Court rules Charlottesville’s tax on freelance authors is unconstitutional
CHARLOTTESVILLE, Va. (WVIR) - A judge in Virginia’s 16th Judicial Circuit declared that it is unconstitutional for Charlottesville’s business license tax to be applied to freelance authors, a victory for an area novelist and the litigators that represented him.
Author Corban Addison brought the case to courts with legal assistance from the Institute for Justice.
“The tax is large enough to be significant,” Addison said. “I’m grateful, especially in these times, not to have an additional bill to pay.”
Attorneys Renée Flaherty and Keith Neely argued that the tax was unfair because nowhere in the city’s code did it say freelance authors were subject to the tax.
The city argued that freelance authors like Addison should be allowed to be taxed because it provides “any other repair personal, or business service not specifically included in other sections of the Code.” Judge Claude V. Worrell, II disagreed in the ruling.
“I sit in an office and type on my computer,” Addison said. “It just never struck me that I would be subject to a licensed tax.
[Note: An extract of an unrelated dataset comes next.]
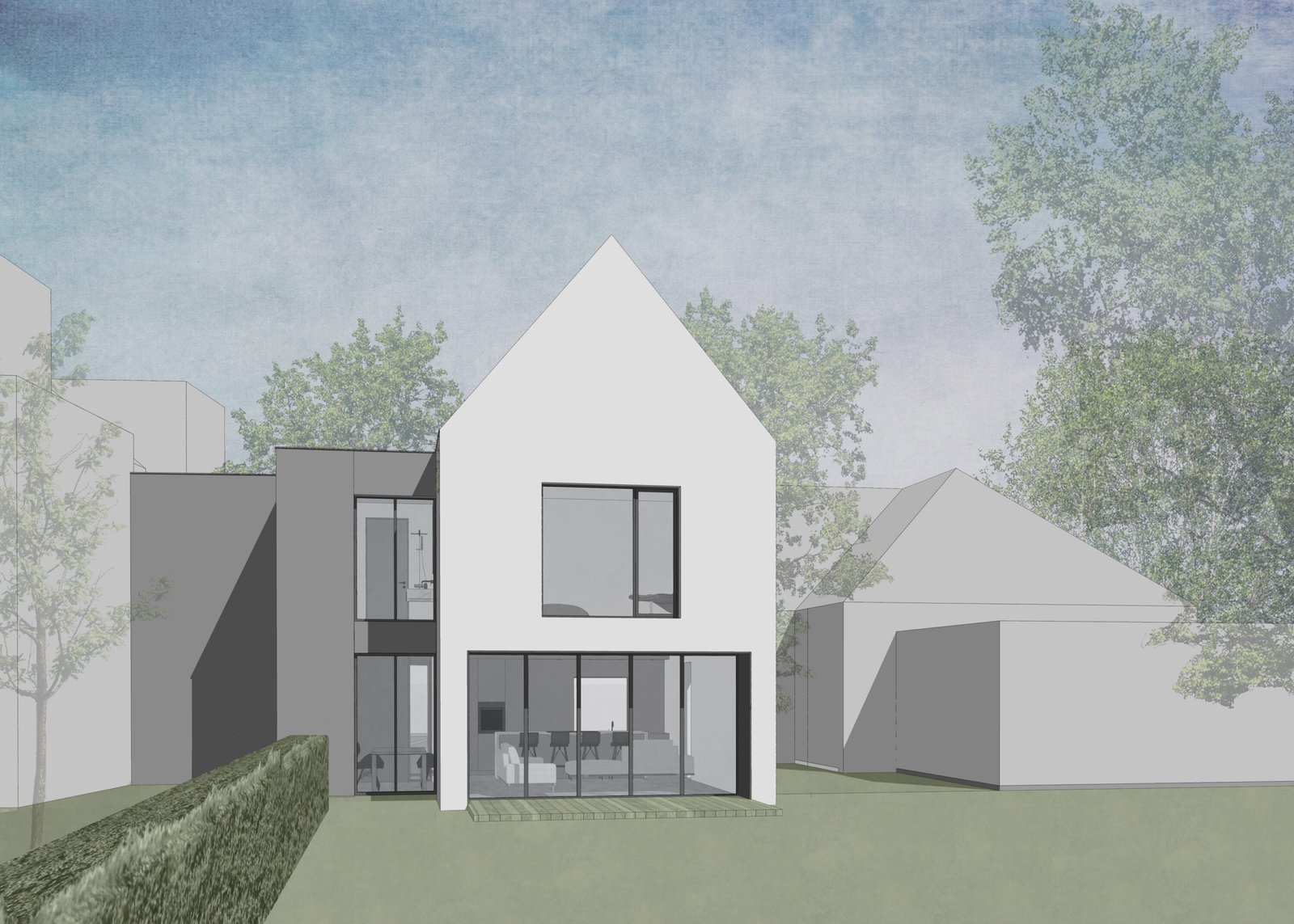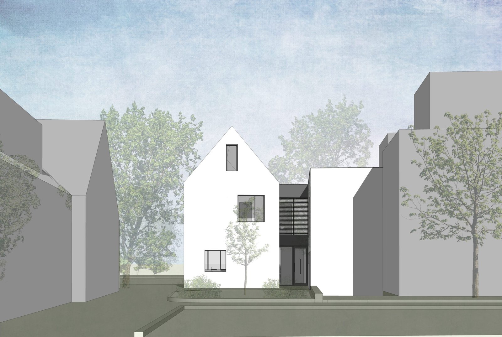 In einer alten Hofanlage nahe dem Rhein entsteht ein Wohnhaus, das ein ehemaliges Lagergebäude in den Neubau integriert. Die traditionelle Dachform und die Klinkerfassade fügen sich harmonisch in die bestehende Umgebung ein und nehmen Bezug zur historischen Bebauung.

So I’m grateful for the clarity.”
Neely said the ruling was about fairness.
“We’re happy to send a message on behalf of [freelance authors] that they’re not ATMs for the city to use and abuse,” he said. “A large part of the implementation and enforcement of this tax was selective and involved the city going after folks that they thought would turn over and pay that money.”
A similar case brought against Albemarle County by the Institute for Justice, which is representing author John Hart. They say “it is only a matter of time before the county’s tax is declared unconstitutional as well.”